To an extent completely unappreciated, human society actually depends on things nobody has any incentive to do. In less efficient times, this was less of an issue: people could afford to spend time on things that weren't, strictly speaking, measured. They could write news articles that weren't moneymakers, they could take time off campaigning in order to govern, they could close their bar to protect their community, they could educate students instead of doing test prep. When people talk about "how things used to be", there is a silent "before we optimized everything".

These days, fixing healthcare and having good public discourse are resources that could be used to make more paperclips. Paperclips are eating the world. To a large extent, the AI apocalypse is already here.

A microexample

Here's one other example, just to get some air from the politics. One of my favorite YouTube channels is Linus Tech Tips. Over the years they've produced a lot of heavily-researched and quite frankly amazing videos on such topics as whether your PC fans should blow out or in, whether you can game at 16k resolution on high-end hardware, quasi-scientific experiments on whether fps improves competitive gaming, and so on. Basically, the kind of creative and delightful indie content that you would imagine to be free of corporate paperclip pushing.

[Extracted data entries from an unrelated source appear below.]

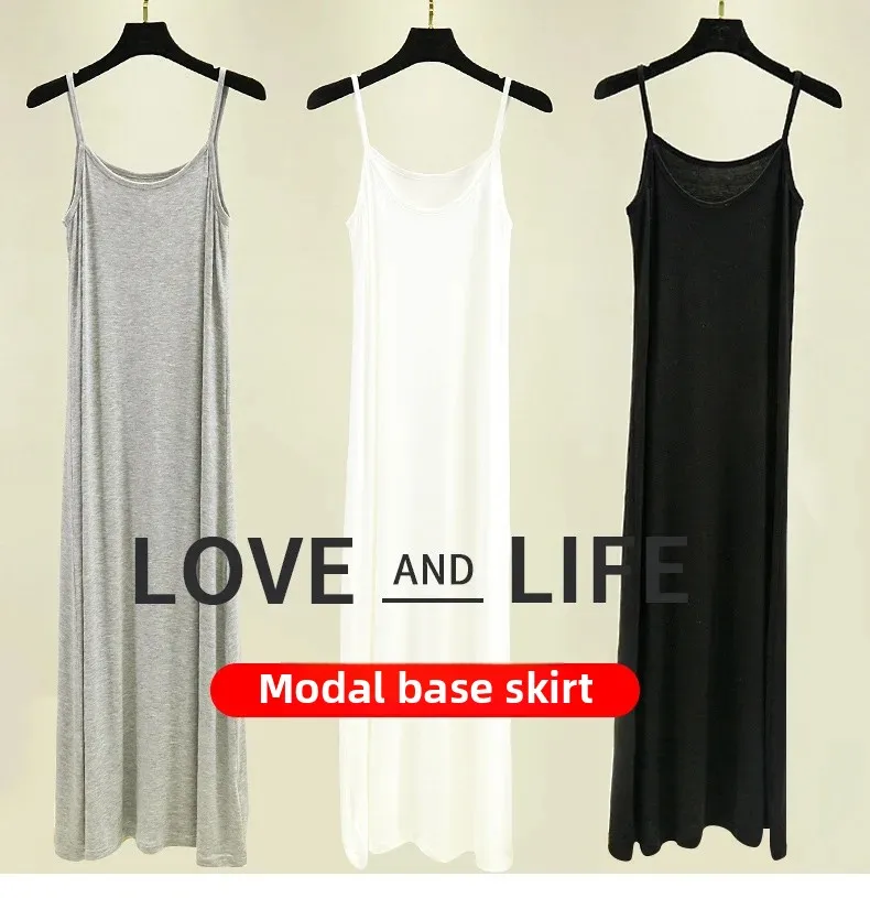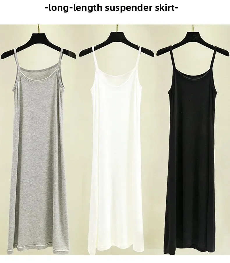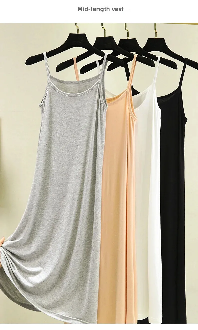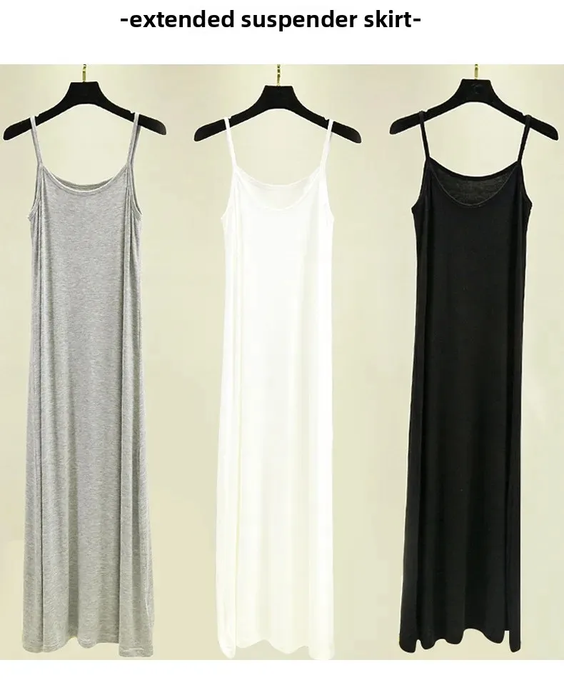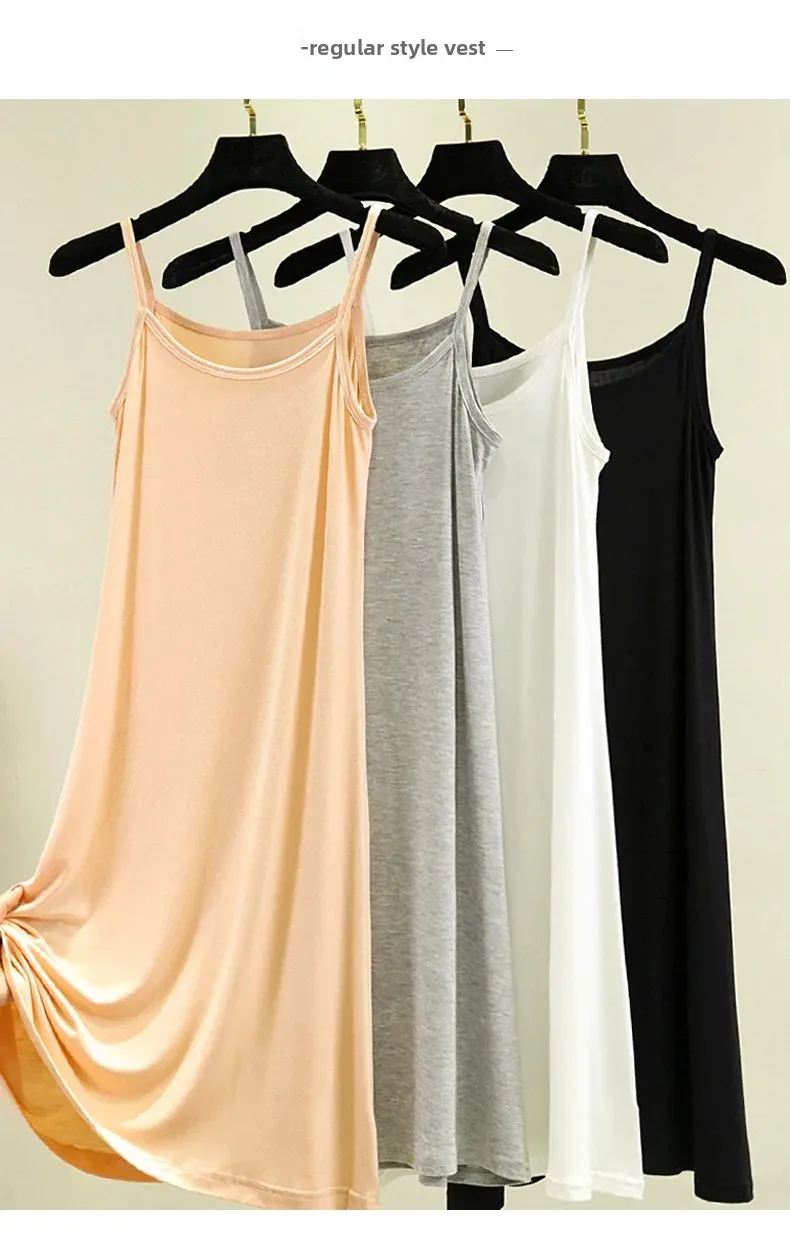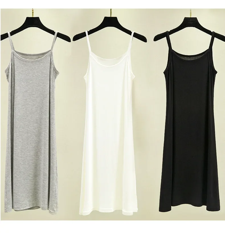 Modal Camisole Dress Women Summer Inner Wear Black White Loose plus Size Long Thin Underdress Casual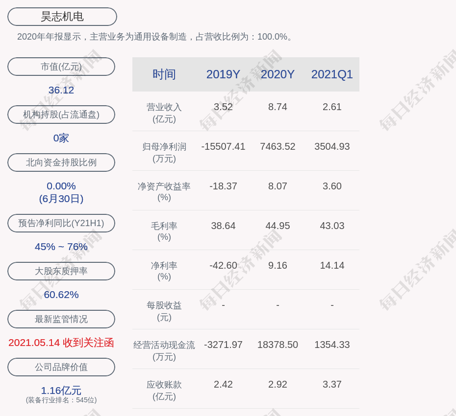 2020年年报显示,昊志机电的主营业务为通用设备制造,占营收比例为:100.0%。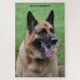 This is a large jigsaw puzzle of a German Shepherd dog (also known as an Alsation dog). The words "German Shepherd" are at the top of the puzzle, but you can alter or remove them if you wish. This is a very handsome dog, he is sitting and pictured from the front, with the main focus of the photo being on the dogs face.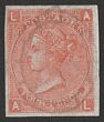 1865-73 QV 4d vermilion, large white cnr letters LA-AL, plate 11, IMPERF, wmk large garter INVERTED. VF fresh UN, insignificant scuffing in upper edge only, 4 large margins & bright colour. Scott 43b cat US$7750, SG Spec J58a, SG 94a cat £7000. Extremely rare imperf error. (P) |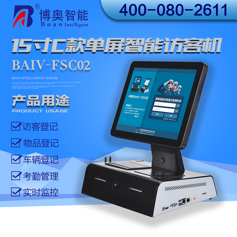 15寸C款單屏智能訪客機主要用在政府機關、關口、機場、軍隊、公安、法院、學校、事業單位、花園小區、高檔寫字樓、工廠等門衛傳達室用來訪客登記管理;辦公大廳、營業大廳、醫院等場所做為辦公設備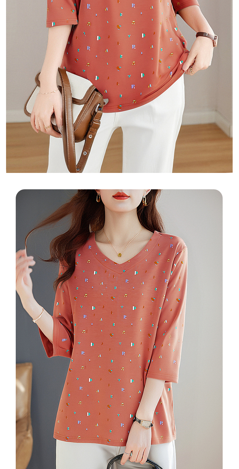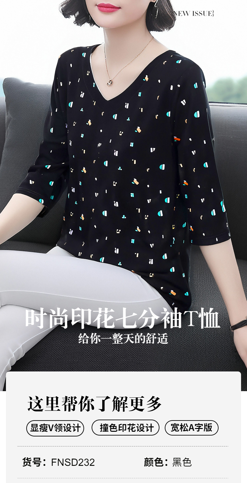 大码七分袖上衣女夏季2026年新款女装短袖妈妈宽松纯棉中袖t恤女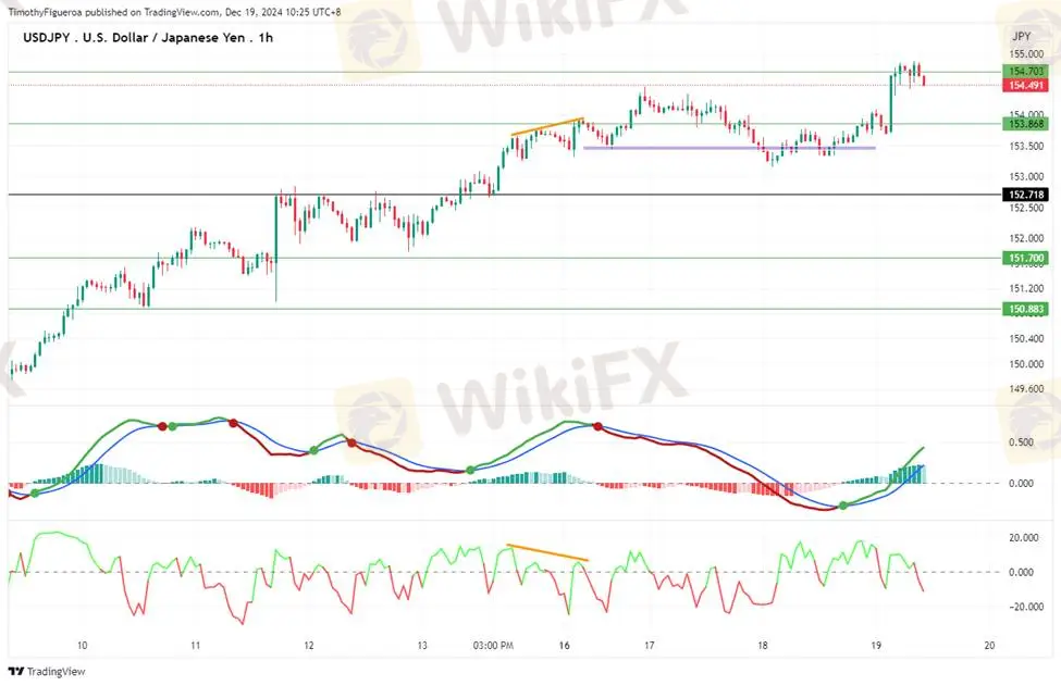 USDJPY - The yen gained strength and bullish momentum but struggled to move decisively past the 154.703 resistance level. Despite the Feds rate decision, price movement remained subdued.

Meanwhile, here are some thumbnails from their videos:

linus tech tips thumbnails

Evidently, it's somebody's job to get Linus to make a ridiculous face and make it the thumbnail for every video along with a RIDICULOUS headline DESTROYING his enemies. Because humans are emotionally-driven and this sort of thing drives engagement. If videos I worked hard on to write, shoot, and edit were packaged like this I'd be embarrassed. Then again, if videos had a more "sensible" thumbnail I might never have watched one.

If the paperclip maximizer is turning even high-quality independent creators into paperclip pushers, the world is getting very dark indeed.

Avoiding business as usual

It is in this context that I am quite annoyed at the push to be "apolitical" or "end the culture war", that people should just do their jobs, as if by ignoring the problems of society they will go away.

Don't get me wrong, I am annoyed at the culture war as anybody. But the thing is, "doing our jobs" is the whole problem. We wrote the software that relentlessly optimized human society without thinking too much about what it ought to be optimized for. So we ended up optimizing paperclips, at the expense of every other human value.

"The culture war" is in fact the process of deciding what our values are, and therefore what our jobs should even be. The impulse to ignore it is I think quite dangerous.